Results Snapshot

This page is the current paper-facing ledger for the local canonical proxy run. Generated outputs remain under ignored artifacts/, reports/, and external DATA_DIR locations; selected figures are copied into docs/assets/images/modeling/.

Current Verdict

The repo has a complete no-NBBO proxy research package: data panel, model implementations, feature-schema artifacts, validation-only tuning artifacts, forecast/ranking/strategy tables, figures, and analysis notes.

It is good enough for internal research review and a conservative working-paper draft. It is not good enough for paper-grade execution claims. All current option prices are trade-aggregate proxies, not bid/ask, OPRA, or NBBO. The execution grade remains no_nbbo_trade_proxy; paper_grade=false.
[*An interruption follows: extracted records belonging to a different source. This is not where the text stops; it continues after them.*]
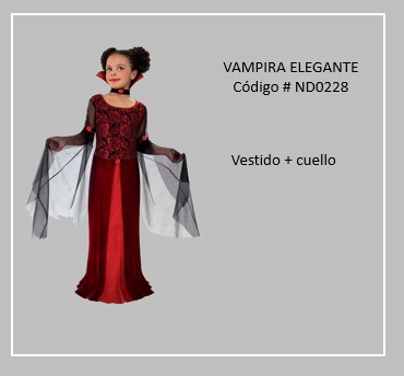 Las vámpiras parecen ser los seres más adaptados en la historia del cine y se han ido transformando según la moda, los gustos personales y las ideas de aquellos que los han llevado al estrellato. Una vampiresa, tiene una connotación mayor que una vámpira; hace referencia a una mujer fatal, es decir, se trataría de una mujer de atractivo irresistible, cuyo poder de seducción acarrea la destrucción de aquellos a quienes seduce. El traje que una vámpira vestía, es un traje muy similar al de las personas ricas en la época final del siglo XIX, es decir, un vestido negro largo, aunque también puedes optar por vestir pantalón y camisa negra, o combinarlo con tonos rojos y granates. En el caso de los vámpiras son afines la ropa de color negra y accesorios rojos, por el tema de la asociación de la oscuridad y la sangre para alimentarse. Para visualizar disfraces de este tema, desplace el puntero del mouse sobre las diapositivas y seleccione la que desee, luego si desea haga click en las flechas para avanzar o retroceder. Para volver a la página haz clic en el signo X en la esquina superior derecha.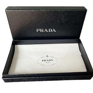 Prada Unisex Black Leather Card Wallet & Box Like New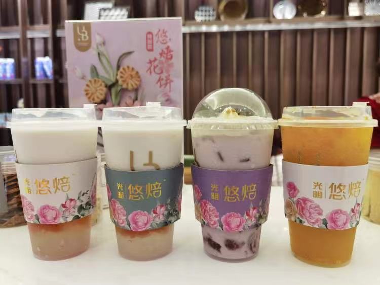 除了上述新品以外,更有英式曲奇饼干礼盒,光明悠焙的花花面包系列、花花酥干点系列、甜点花花马卡龙,以及玫瑰香柠茶、桂花甜橙乌龙茶、日式樱花酒酿、蜜桃酒酿多款饮品。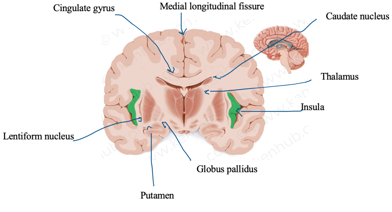 Collection of neuronal cell bodies within the cerebral hemisphere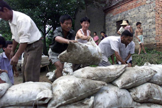 beneath floodwaters on July 6, 2003, after a dyke on Huaihe River dyke was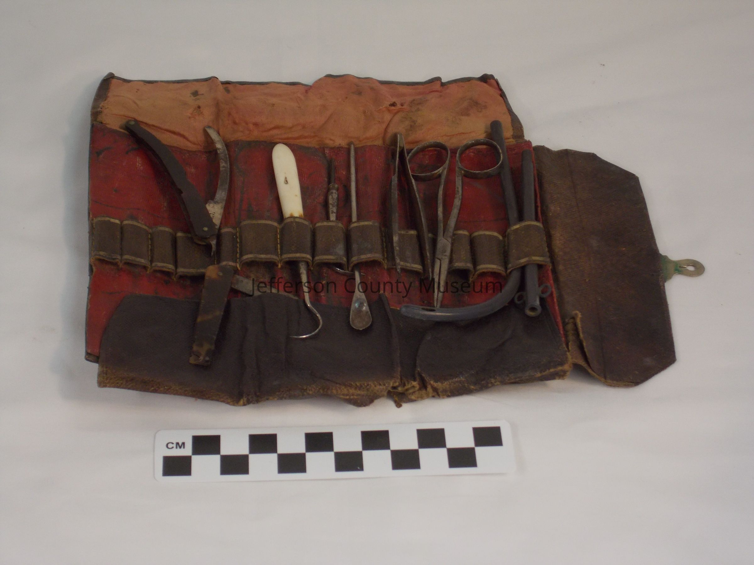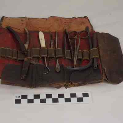 Kit with eight instruments in black, red-lined soft case. Includes cannula, tweezers, hemostat, small scoop, two picks and a small curved folding knife and a small pen knife.Acquisition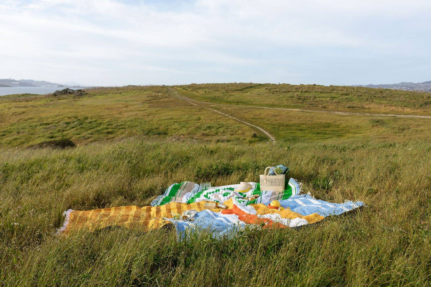 The playful and fun Paseo (to stroll) colorway features joyful palette of yellow ochres and bright papaya, all on a sea of sky blue. These cheerful blankets embody a leisurely stroll on a cloudless day and will surely put a spring in your step.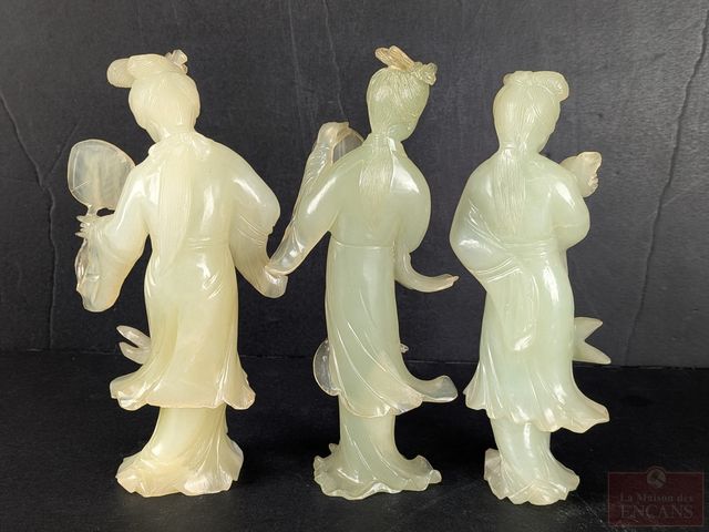 Lot # 81 - Trois figurines orientales sculptées sur pierre, mesurant 6 pouces de hauteur chacune

The 2026-05-12 same-code feature ablation is negative for FE V2: the default fe_v2_sec_xbrl schema underperforms fe_v1_legacy on locked-test ranking and headline C2C proxy economics. Per SPEC.md, this is reported as a diagnostic finding rather than cherry-picked away.

Research Question

The paper-facing question is:

Can models improve trading decisions around option-implied earnings event variance mispricing?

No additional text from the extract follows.